* Exercise details: Among the lines below, copy exactly those from the one with "A fluffy brown" through the one with "Auf der langen", counting both ends.

* Listed records:
((
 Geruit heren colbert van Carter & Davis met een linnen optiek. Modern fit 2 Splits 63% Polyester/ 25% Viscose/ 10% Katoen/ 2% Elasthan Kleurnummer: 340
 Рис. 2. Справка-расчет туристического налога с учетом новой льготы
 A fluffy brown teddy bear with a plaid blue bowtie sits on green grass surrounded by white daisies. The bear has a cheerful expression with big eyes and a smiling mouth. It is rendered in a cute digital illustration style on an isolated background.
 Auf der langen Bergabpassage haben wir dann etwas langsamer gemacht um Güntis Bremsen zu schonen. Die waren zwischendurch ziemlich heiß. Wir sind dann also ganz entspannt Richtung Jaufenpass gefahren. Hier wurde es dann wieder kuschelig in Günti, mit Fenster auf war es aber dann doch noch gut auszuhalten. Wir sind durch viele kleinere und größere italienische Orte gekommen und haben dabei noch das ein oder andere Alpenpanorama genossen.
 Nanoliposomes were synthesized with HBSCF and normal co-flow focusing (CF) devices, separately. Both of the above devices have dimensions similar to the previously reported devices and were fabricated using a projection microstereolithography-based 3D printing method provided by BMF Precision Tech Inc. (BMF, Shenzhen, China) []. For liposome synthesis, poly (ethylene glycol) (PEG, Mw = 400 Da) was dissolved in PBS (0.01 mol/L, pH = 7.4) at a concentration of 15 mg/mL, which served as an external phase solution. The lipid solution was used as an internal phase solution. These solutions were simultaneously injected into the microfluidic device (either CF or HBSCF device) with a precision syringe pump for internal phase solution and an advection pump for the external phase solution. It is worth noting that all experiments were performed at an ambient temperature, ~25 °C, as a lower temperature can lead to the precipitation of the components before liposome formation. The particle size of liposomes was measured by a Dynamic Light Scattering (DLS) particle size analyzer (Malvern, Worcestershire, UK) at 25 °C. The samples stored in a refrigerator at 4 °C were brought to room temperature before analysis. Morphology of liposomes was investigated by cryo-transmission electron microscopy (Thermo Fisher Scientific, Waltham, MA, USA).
))
((
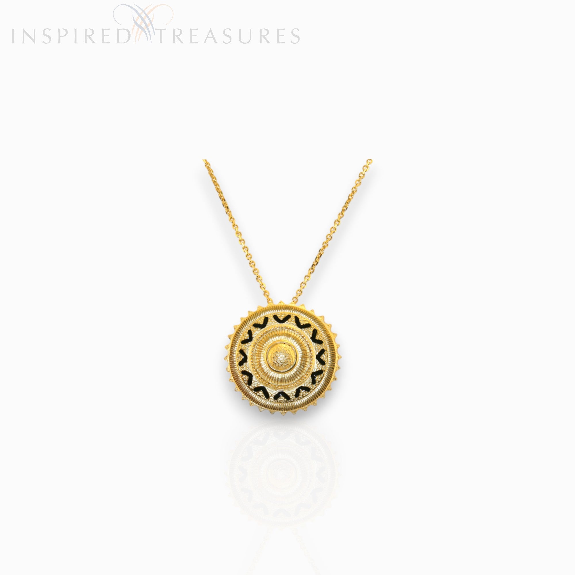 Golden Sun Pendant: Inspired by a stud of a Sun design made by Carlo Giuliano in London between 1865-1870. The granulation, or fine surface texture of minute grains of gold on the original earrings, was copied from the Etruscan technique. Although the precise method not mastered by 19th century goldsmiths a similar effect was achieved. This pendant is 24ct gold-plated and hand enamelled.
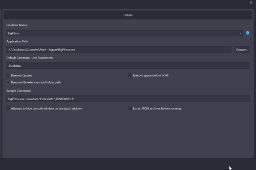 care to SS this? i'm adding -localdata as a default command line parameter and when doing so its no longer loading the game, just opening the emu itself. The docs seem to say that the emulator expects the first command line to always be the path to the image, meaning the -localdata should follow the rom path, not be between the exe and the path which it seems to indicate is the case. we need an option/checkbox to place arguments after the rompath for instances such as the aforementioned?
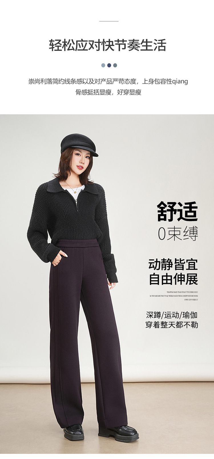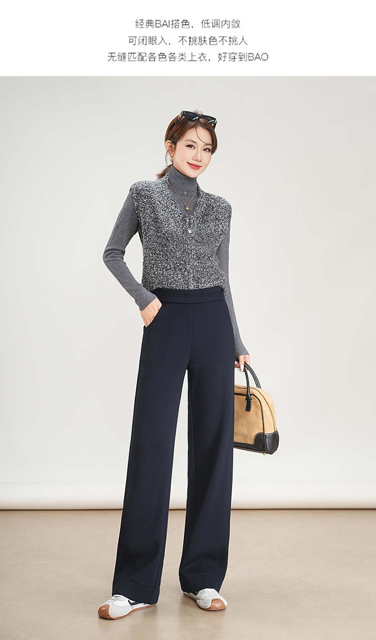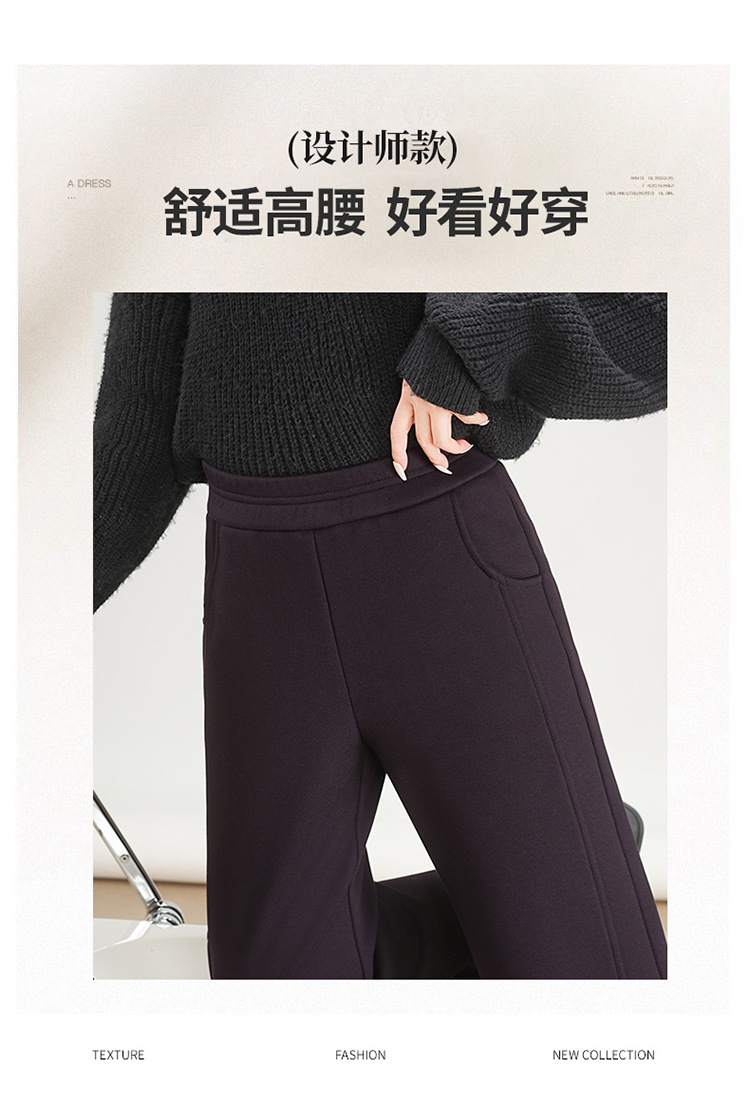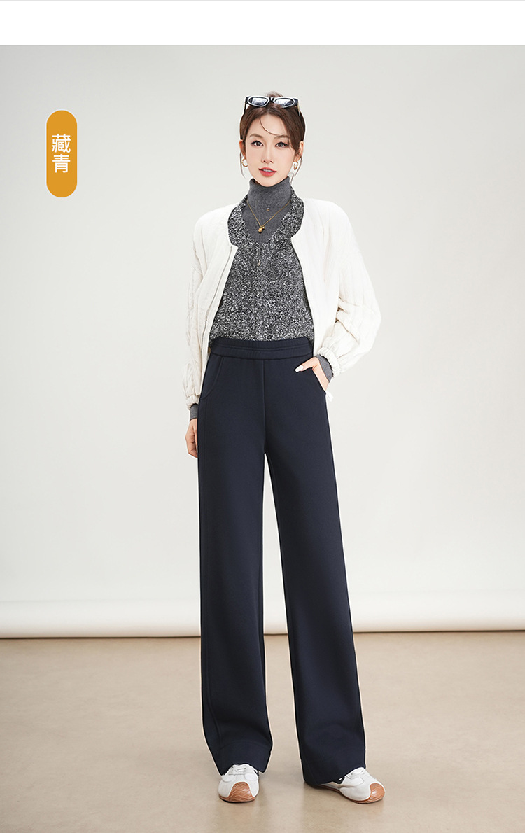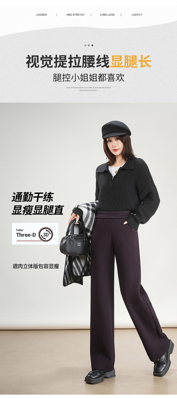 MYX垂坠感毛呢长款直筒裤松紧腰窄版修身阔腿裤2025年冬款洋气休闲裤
))
* Response to this exercise:
 A fluffy brown teddy bear with a plaid blue bowtie sits on green grass surrounded by white daisies. The bear has a cheerful expression with big eyes and a smiling mouth. It is rendered in a cute digital illustration style on an isolated background.
 Auf der langen Bergabpassage haben wir dann etwas langsamer gemacht um Güntis Bremsen zu schonen. Die waren zwischendurch ziemlich heiß. Wir sind dann also ganz entspannt Richtung Jaufenpass gefahren. Hier wurde es dann wieder kuschelig in Günti, mit Fenster auf war es aber dann doch noch gut auszuhalten. Wir sind durch viele kleinere und größere italienische Orte gekommen und haben dabei noch das ein oder andere Alpenpanorama genossen.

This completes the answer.